AWS Strands Integration

AWS Strands is Amazon’s model-driven AI agent framework for building conversational assistants and autonomous workflows. This guide shows how to integrate HoneyHive with AWS Strands to capture comprehensive traces of your agent executions.

Overview

What is AWS Strands?

AWS Strands is an AI agent framework that:

  • Works with AWS Bedrock models - Supports Claude, Titan, Nova, and other Bedrock models

  • Built-in OpenTelemetry - Native tracing support with GenAI semantic conventions

  • Autonomous workflows - Multi-agent orchestration with Swarms and Graphs

  • Tool execution - Function calling with automatic tracing

  • Streaming support - Token-by-token response streaming

Integration Approach

HoneyHive integrates with AWS Strands using automatic OpenTelemetry provider setup.

Key Difference from Other Integrations:

Unlike OpenAI or Anthropic (which require instrumentors like OpenInference or Traceloop), AWS Strands has built-in OpenTelemetry tracing.

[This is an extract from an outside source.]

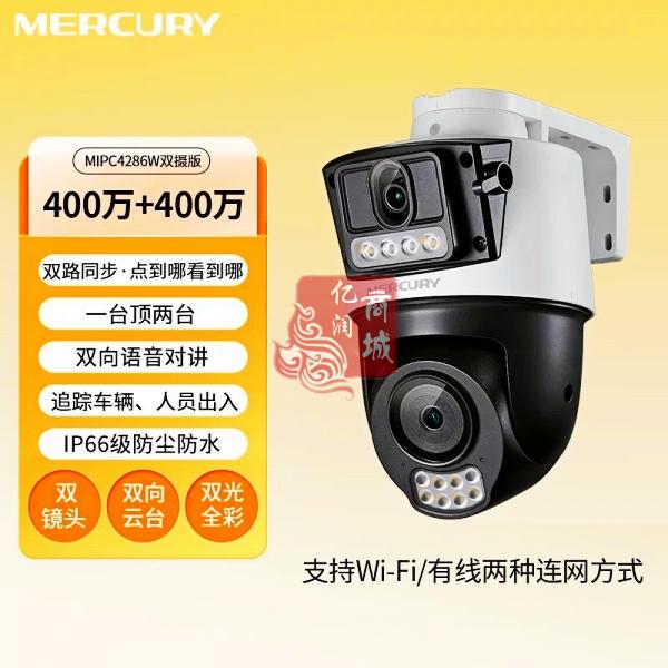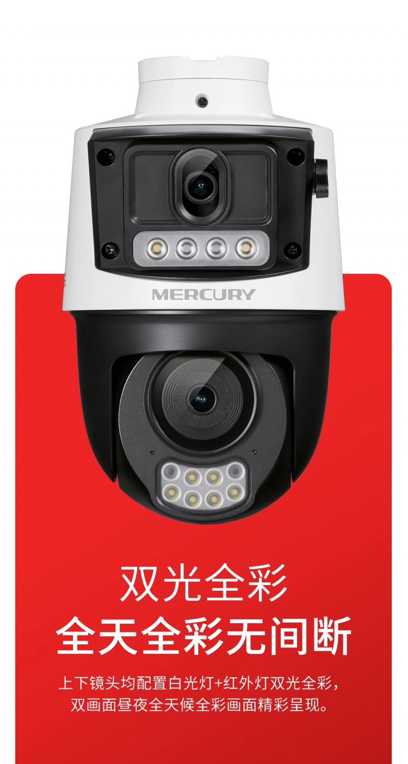 商品名称:水星 MIPC4286W(双摄版) 400万 全彩室外无线球机 4mm 商品编号:ECS020328 品牌:水星 上架时间:2025-11-23 商品毛重:0克

This means:

  • NO instrumentor needed - Strands instruments its own LLM calls

  • NO manual provider setup - HoneyHiveTracer.init() handles it automatically

  • Built-in GenAI conventions - All model calls automatically traced

  • Don’t use OpenInference/Traceloop - Would create duplicate spans

  • Zero modifications to Strands code - Works with Strands as-is

  • Automatic tracing - All agent activity captured automatically

  • Comprehensive data - Token usage, latency, tool calls, message history

  • Multi-agent support - Swarms and Graphs fully traced

  • Standard OTel - Uses OpenTelemetry best practices

How It Works:

  1. Call HoneyHiveTracer.init() - automatically sets up global TracerProvider

  2. Strands automatically uses it for all its built-in tracing

  3. All LLM calls, agent actions, and tool executions are traced

Complete Example

See the full code: strands_integration.py

A comprehensive working example is available in the repository at examples/integrations/strands_integration.py:

  • ✅ All 8 integration patterns shown below

  • ✅ Basic agent invocation, tool execution, streaming responses

  • ✅ Custom trace attributes, structured outputs with Pydantic

  • ✅ Swarm multi-agent collaboration, graph workflows with parallel processing

  • ✅ Copy-paste ready code for quick start

What Gets Traced

HoneyHive automatically captures:

  1. Span Hierarchy:

    • Root: invoke_agent {agent_name}

    • Children: Event loop cycles

    • Grandchildren: Model calls and tool executions

  2. Attributes:

    • Agent name, model ID, tools list

    • Token usage (prompt, completion, cache hits)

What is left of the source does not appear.